- Exercise directions
Print the lines below from the line with "By the time" to the line with "- Highly Concentrated" exactly, keeping both ends, and print no pictures.

- Given data

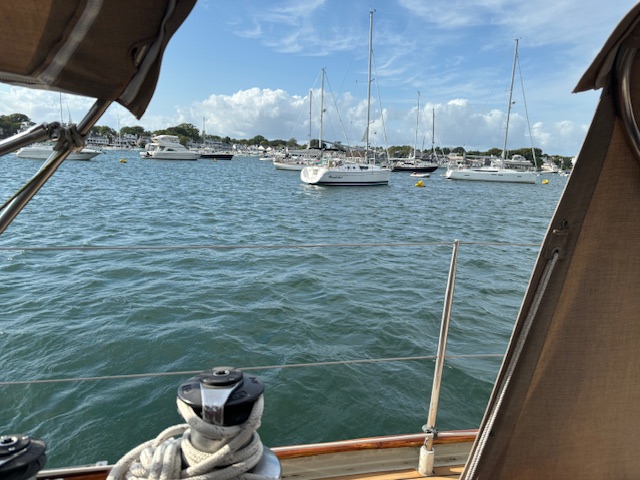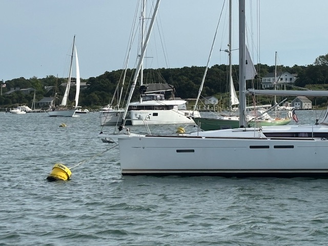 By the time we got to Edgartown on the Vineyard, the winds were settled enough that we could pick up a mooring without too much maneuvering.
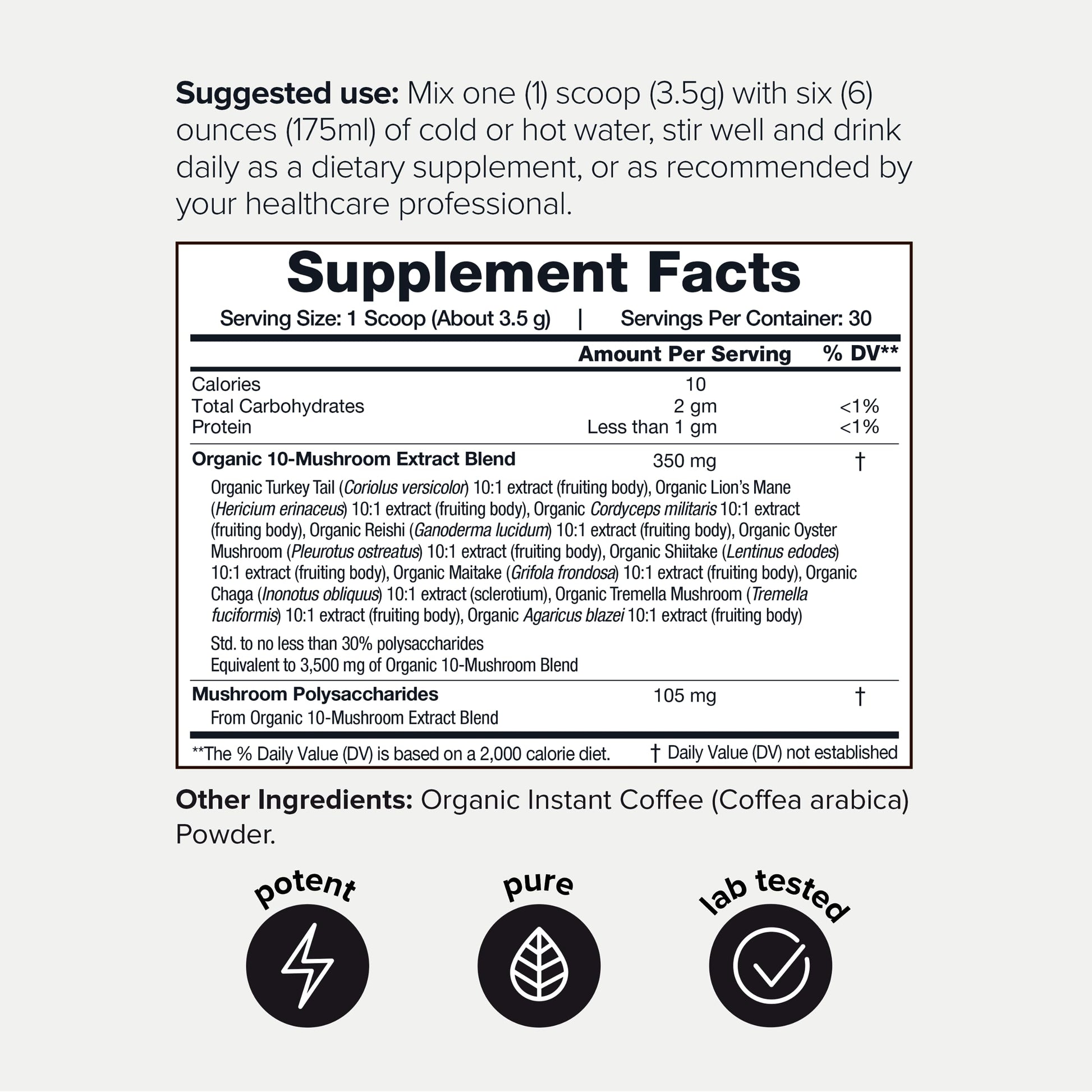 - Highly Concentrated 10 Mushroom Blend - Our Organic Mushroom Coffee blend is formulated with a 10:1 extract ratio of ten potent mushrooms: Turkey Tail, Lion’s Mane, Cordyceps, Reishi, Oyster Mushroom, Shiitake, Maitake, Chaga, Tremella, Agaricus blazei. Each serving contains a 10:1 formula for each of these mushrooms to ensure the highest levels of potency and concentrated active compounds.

--

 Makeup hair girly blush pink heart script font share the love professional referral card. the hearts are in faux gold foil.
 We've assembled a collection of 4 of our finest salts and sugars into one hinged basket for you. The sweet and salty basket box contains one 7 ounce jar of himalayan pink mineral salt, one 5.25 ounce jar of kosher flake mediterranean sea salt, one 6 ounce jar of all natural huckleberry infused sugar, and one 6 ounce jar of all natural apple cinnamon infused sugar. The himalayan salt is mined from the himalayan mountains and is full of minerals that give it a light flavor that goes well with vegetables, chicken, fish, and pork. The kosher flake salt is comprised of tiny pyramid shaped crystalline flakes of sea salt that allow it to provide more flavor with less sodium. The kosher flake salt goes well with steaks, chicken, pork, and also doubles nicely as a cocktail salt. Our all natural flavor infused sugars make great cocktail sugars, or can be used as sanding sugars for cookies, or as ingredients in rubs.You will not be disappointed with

- Answer
 By the time we got to Edgartown on the Vineyard, the winds were settled enough that we could pick up a mooring without too much maneuvering.
 - Highly Concentrated 10 Mushroom Blend - Our Organic Mushroom Coffee blend is formulated with a 10:1 extract ratio of ten potent mushrooms: Turkey Tail, Lion’s Mane, Cordyceps, Reishi, Oyster Mushroom, Shiitake, Maitake, Chaga, Tremella, Agaricus blazei. Each serving contains a 10:1 formula for each of these mushrooms to ensure the highest levels of potency and concentrated active compounds.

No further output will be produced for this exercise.